[Top][All Lists]
[Date Prev][Date Next][Thread Prev][Thread Next][Date Index][Thread Index]
Re: [bug-gawk] Weird printf '%c' behaviour under non-C locale
From: |
Aharon Robbins |
Subject: |
Re: [bug-gawk] Weird printf '%c' behaviour under non-C locale |
Date: |
Fri, 27 Apr 2012 11:23:53 +0300 |
User-agent: |
Heirloom mailx 12.4 7/29/08 |
Hi.
> Date: Mon, 23 Apr 2012 14:09:27 +0200
> To: address@hidden
> From: Jeroen Schot <address@hidden>
> Subject: [bug-gawk] Weird printf '%c' behaviour under non-C locale
>
> Hello,
>
> A Debian user reported a bug [1] about gawk's printf '%c' behaviour,
> which has changed in 4.0. It is no longer possible to write single
> bytes when using a multibyte locale.
>
> From what I understand the new behaviour is in line POSIX, but I
> believe there should still be a way to write single bytes (other than
> changing the locale of the entire program).
>
> I am interested in your opinion on this.
>
> [1]: http://bugs.debian.org/669714
>
> Kinds regards,
>
> Jeroen Schot
Thanks for the report. I reviewed the test case you pointed to. I would
not call it a bug, per se, but it is a corner case. ("Damned if you do
and damned if you don't.")
As we discussed offline, I think the -b option is the correct answer
here. I have updated the doc to reflect that -b also affects output.

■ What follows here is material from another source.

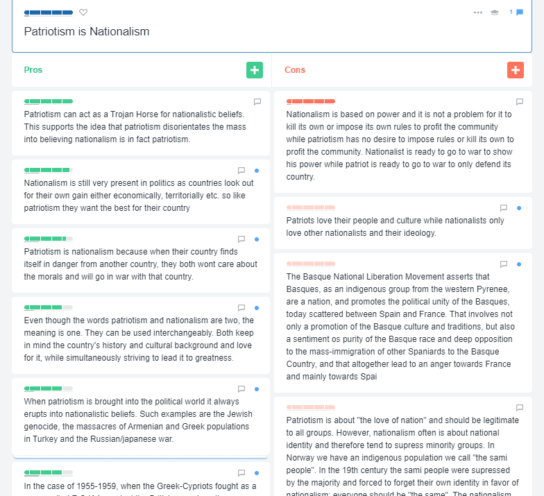 Unutar svojih grupa koje su surađivali u „breakout“ sobi unutar glavnog sastanka učenici su iznosili svoje argumente koje su istražili i pripremili unutar svojih nacionalnih timova u pripremnoj fazi. Zatim bi ostali učenici nadopunjavali argumentaciju sa sličnim primjerima iz svoje zemlje ili povijesti. Iznesene argumente unosili smo u digitalnu aplikaciju kialo edu koja je osmišljena upravo sa svrhom da pomogne u podučavanju kritičkom razmišljanju olakšavanju racionalne rasprave i objašnjavanje kontroverznih pitanja. Aktivnos je traja sat vremena i u tom periodu formulirani su mnogi argumenti i za jednu i za drugu stranu potkrepljeni razvnovrsnim dokazima i primjerima iz današnjeg svijeta ili suvremene povijesti. U svim dijelovima projektne aktivnosti učenici su aktivno i puno radili te su na kraju izrazili u evaluaciji svoje zadovoljstvo uzbuđenost zbog sudjelovanja u ovakvom jednom međunarodnom događaju a najvažnije da su puno naučili te da su im sada jasni pojmovi patriotizma i nacionalizma.

I tested that if the poster changes his script to
#! /usr/bin/gawk -bf
....
that the correct result is produced, even in a UTF-8 locale.
Another option, portable across awks and other Unix systems, would be
to rework the script as a shell script:
#! /bin/sh
LC_ALL=C
export LC_ALL # override all inherited locale settings
awk '....' "$@"
Hmmm. Might need a little more shell scripting to get the -v options before
the program, but you get the idea.
Thanks!
Arnold